## Task to complete
Reproduce all the lines below exactly and omit the images.

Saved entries
+ + + +
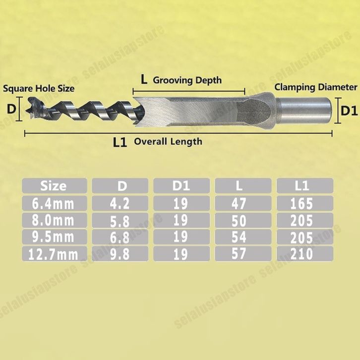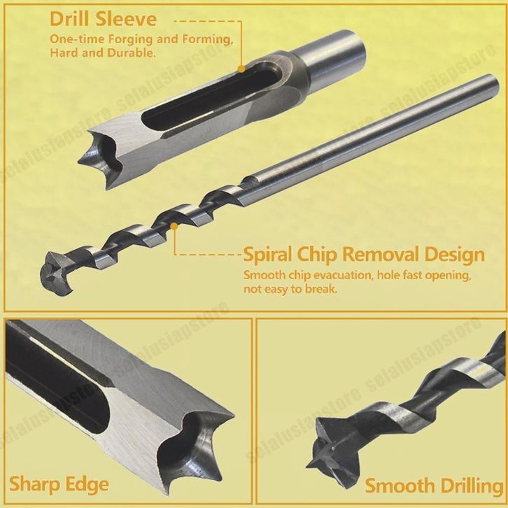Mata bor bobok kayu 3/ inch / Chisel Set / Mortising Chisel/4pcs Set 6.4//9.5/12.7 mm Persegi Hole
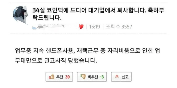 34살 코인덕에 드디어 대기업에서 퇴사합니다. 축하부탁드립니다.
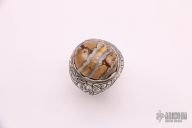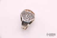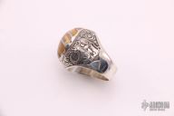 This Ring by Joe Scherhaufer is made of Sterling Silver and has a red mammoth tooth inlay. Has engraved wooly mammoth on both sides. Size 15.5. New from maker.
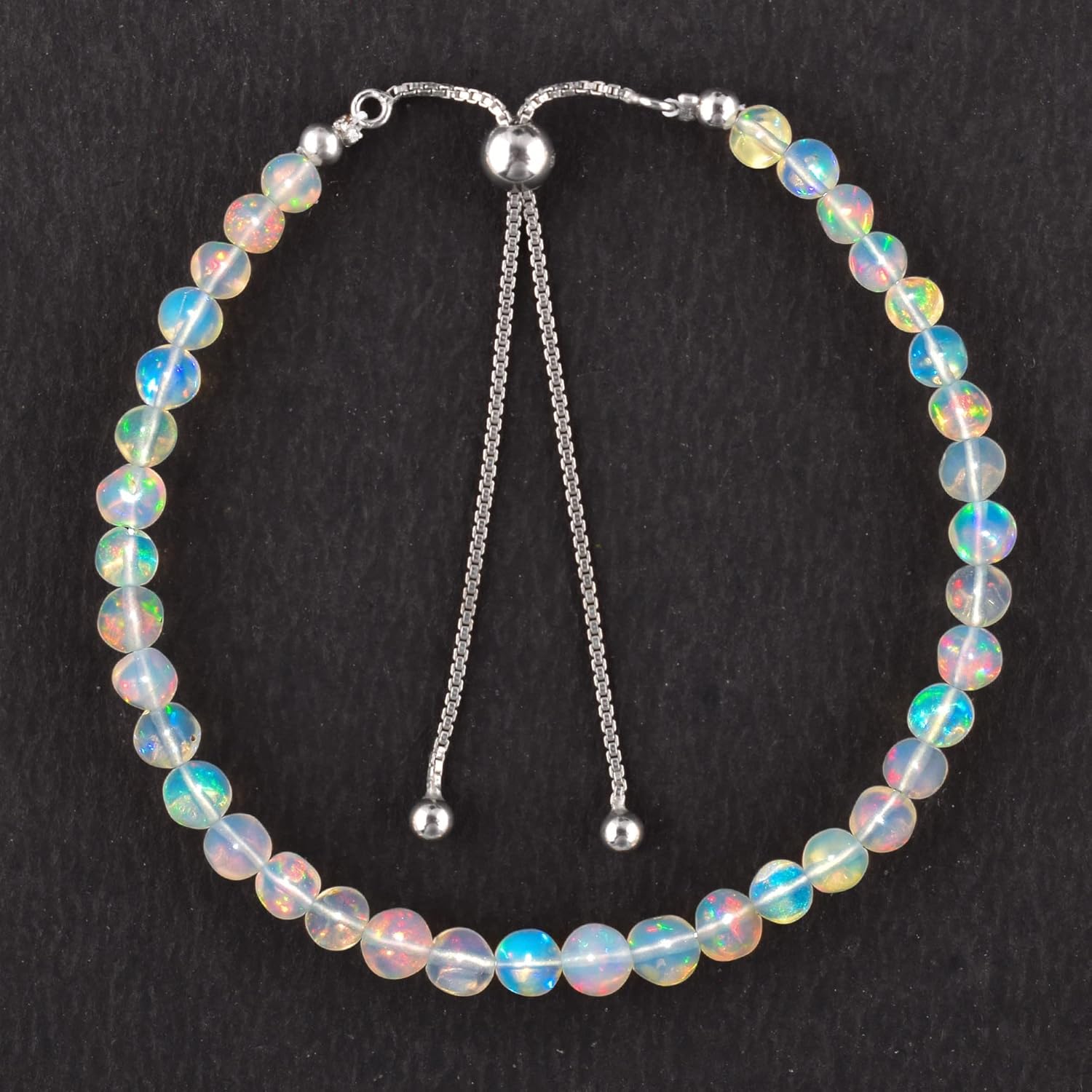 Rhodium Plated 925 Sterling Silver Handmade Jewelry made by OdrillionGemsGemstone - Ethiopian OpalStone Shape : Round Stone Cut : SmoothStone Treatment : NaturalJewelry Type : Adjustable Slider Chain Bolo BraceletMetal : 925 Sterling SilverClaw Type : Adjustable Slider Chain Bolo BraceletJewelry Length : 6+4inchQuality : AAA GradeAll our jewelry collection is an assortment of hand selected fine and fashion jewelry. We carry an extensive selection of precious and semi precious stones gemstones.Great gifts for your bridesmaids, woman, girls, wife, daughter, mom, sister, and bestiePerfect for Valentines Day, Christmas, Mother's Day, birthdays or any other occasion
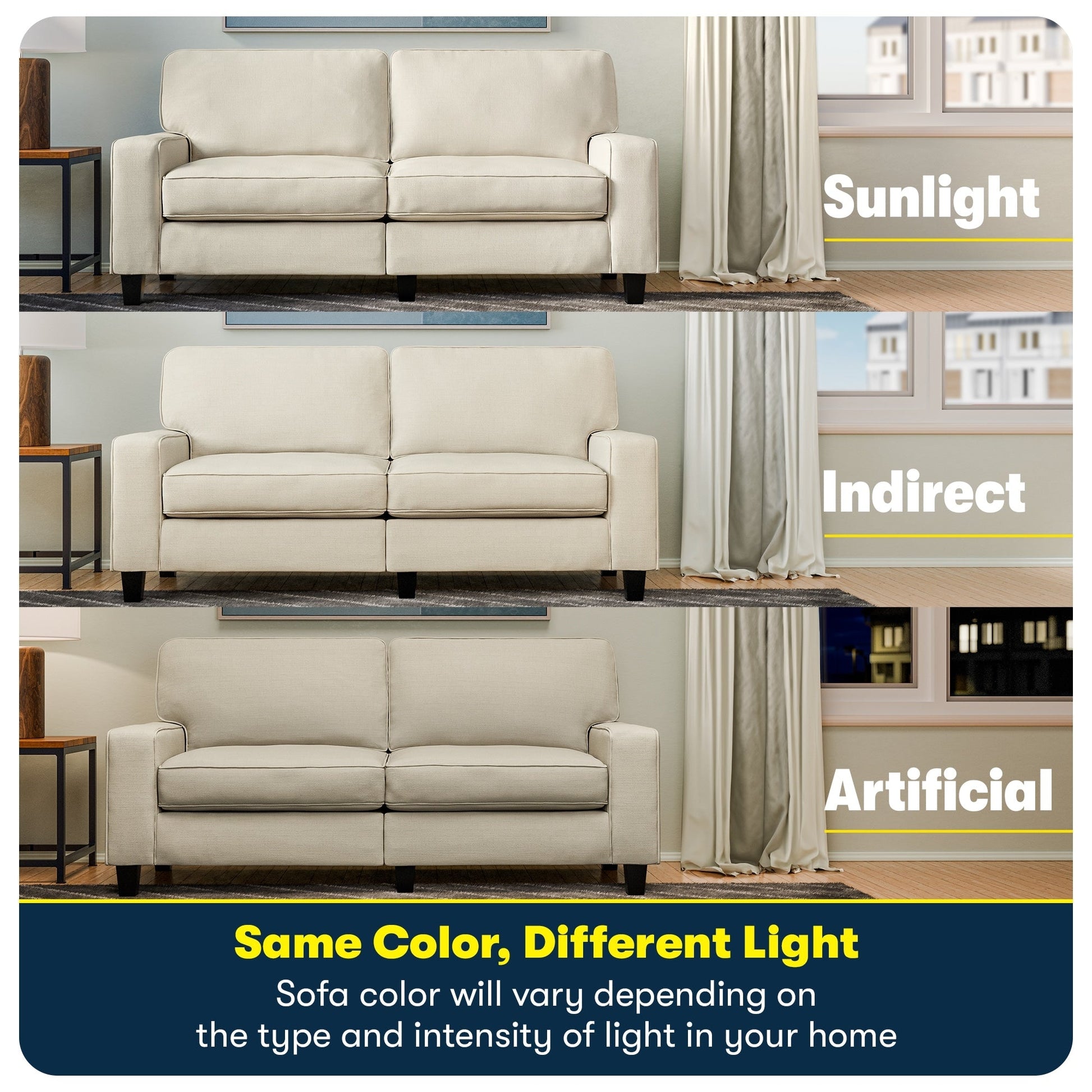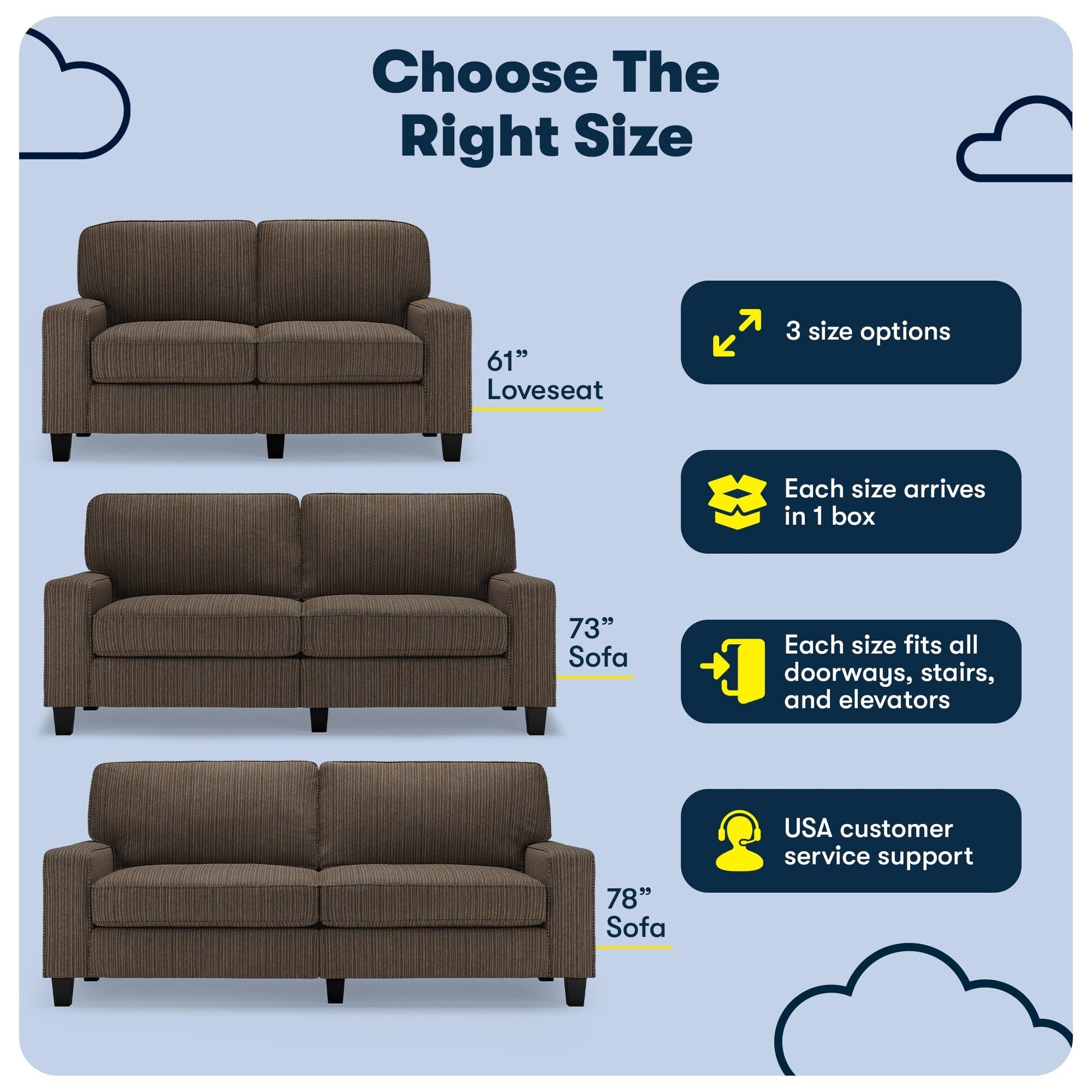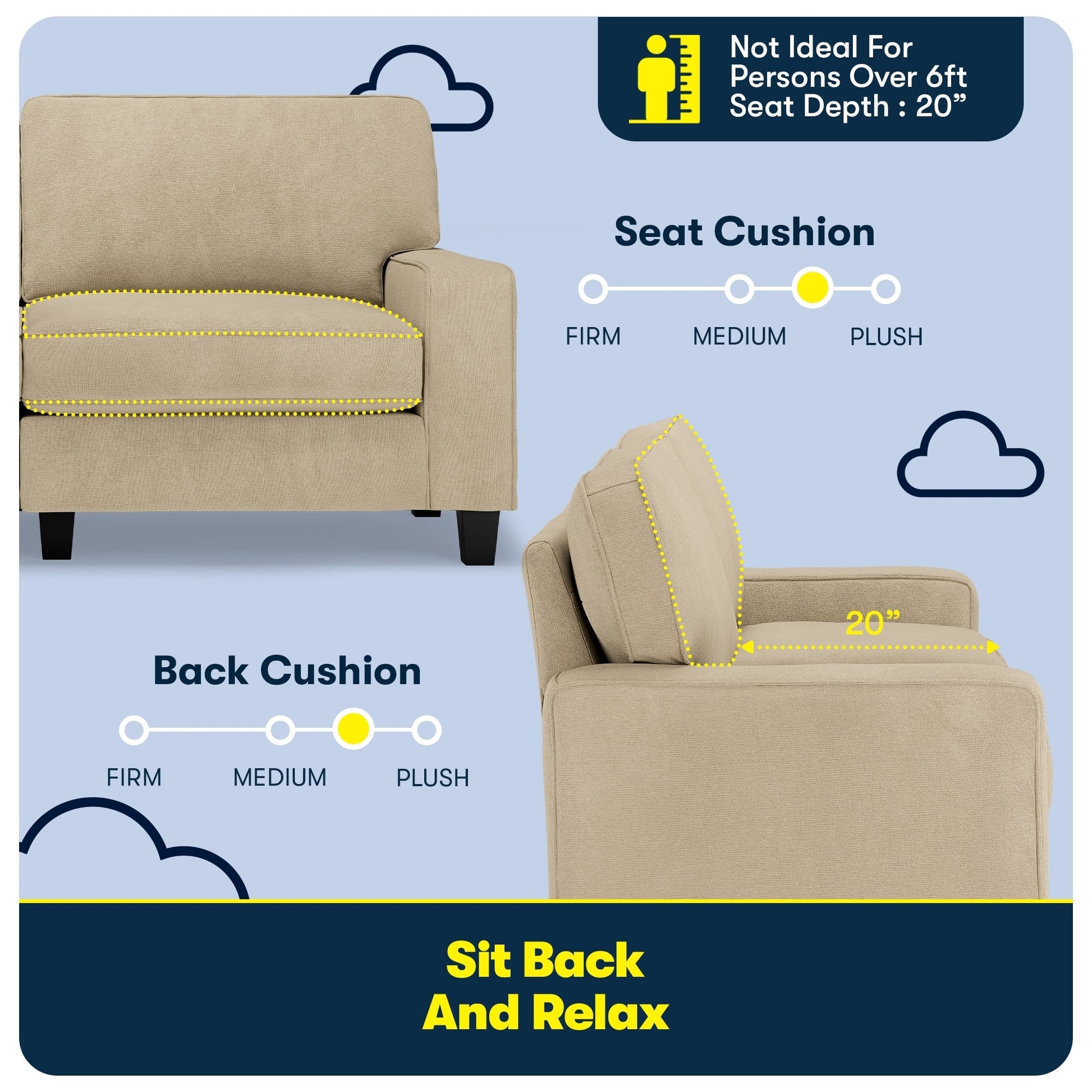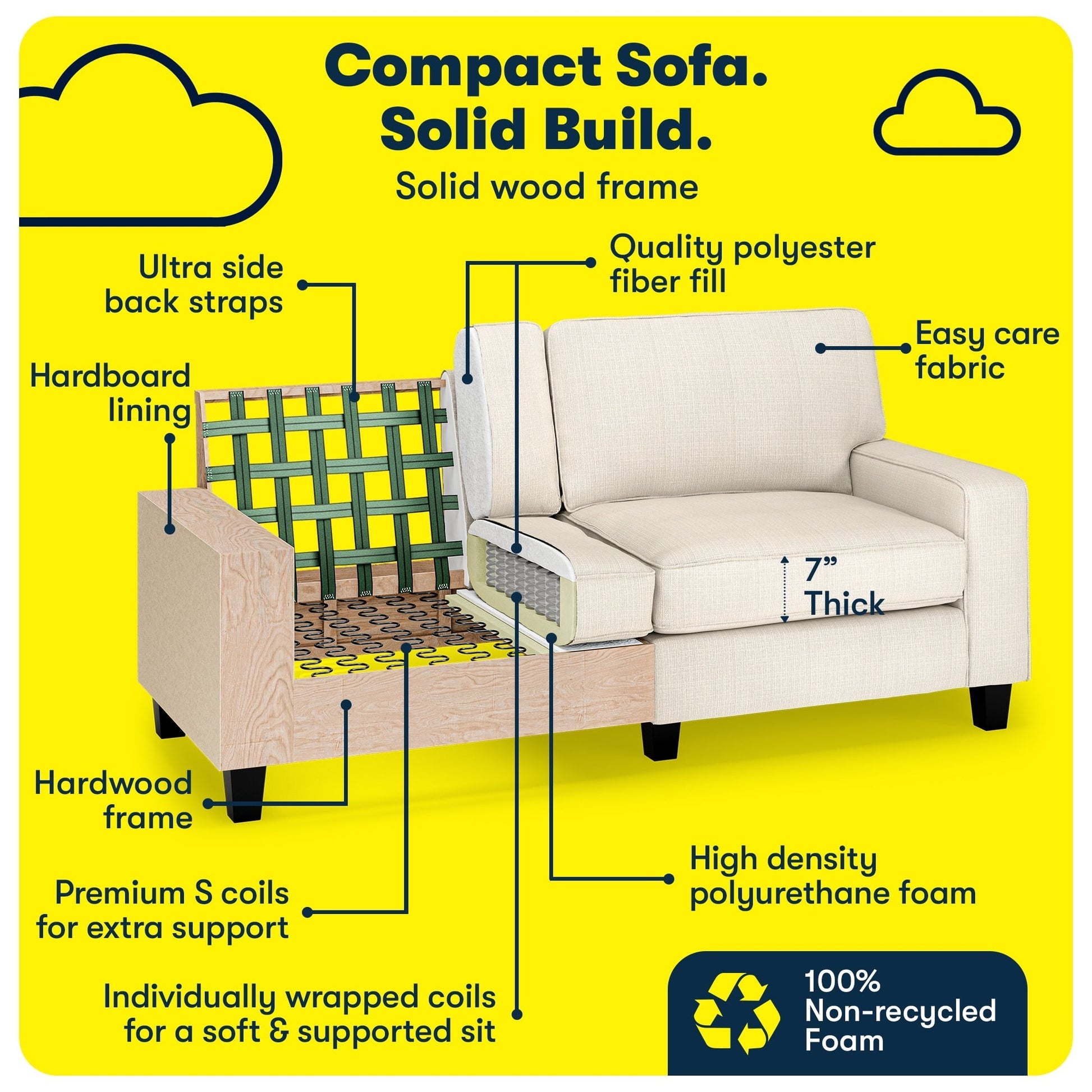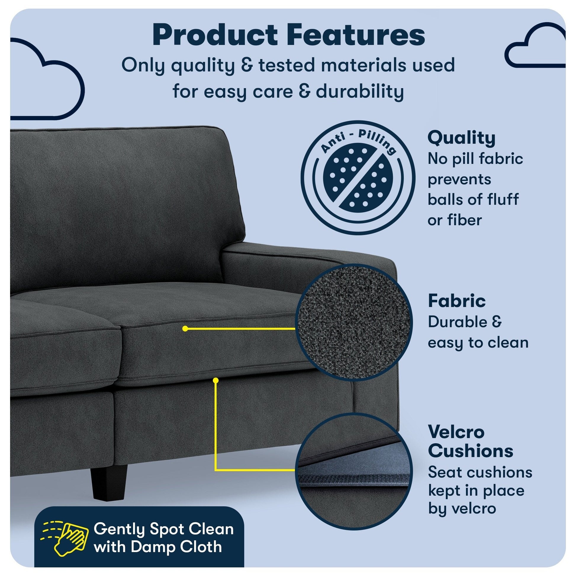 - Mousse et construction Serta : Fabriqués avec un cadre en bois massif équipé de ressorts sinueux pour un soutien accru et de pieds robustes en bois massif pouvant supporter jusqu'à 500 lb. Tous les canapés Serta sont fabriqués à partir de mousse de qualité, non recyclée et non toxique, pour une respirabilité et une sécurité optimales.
+ + + +
## Response area
Mata bor bobok kayu 3/ inch / Chisel Set / Mortising Chisel/4pcs Set 6.4//9.5/12.7 mm Persegi Hole
 34살 코인덕에 드디어 대기업에서 퇴사합니다. 축하부탁드립니다.
 This Ring by Joe Scherhaufer is made of Sterling Silver and has a red mammoth tooth inlay. Has engraved wooly mammoth on both sides. Size 15.5. New from maker.
 Rhodium Plated 925 Sterling Silver Handmade Jewelry made by OdrillionGemsGemstone - Ethiopian OpalStone Shape : Round Stone Cut : SmoothStone Treatment : NaturalJewelry Type : Adjustable Slider Chain Bolo BraceletMetal : 925 Sterling SilverClaw Type : Adjustable Slider Chain Bolo BraceletJewelry Length : 6+4inchQuality : AAA GradeAll our jewelry collection is an assortment of hand selected fine and fashion jewelry. We carry an extensive selection of precious and semi precious stones gemstones.Great gifts for your bridesmaids, woman, girls, wife, daughter, mom, sister, and bestiePerfect for Valentines Day, Christmas, Mother's Day, birthdays or any other occasion
 - Mousse et construction Serta : Fabriqués avec un cadre en bois massif équipé de ressorts sinueux pour un soutien accru et de pieds robustes en bois massif pouvant supporter jusqu'à 500 lb. Tous les canapés Serta sont fabriqués à partir de mousse de qualité, non recyclée et non toxique, pour une respirabilité et une sécurité optimales.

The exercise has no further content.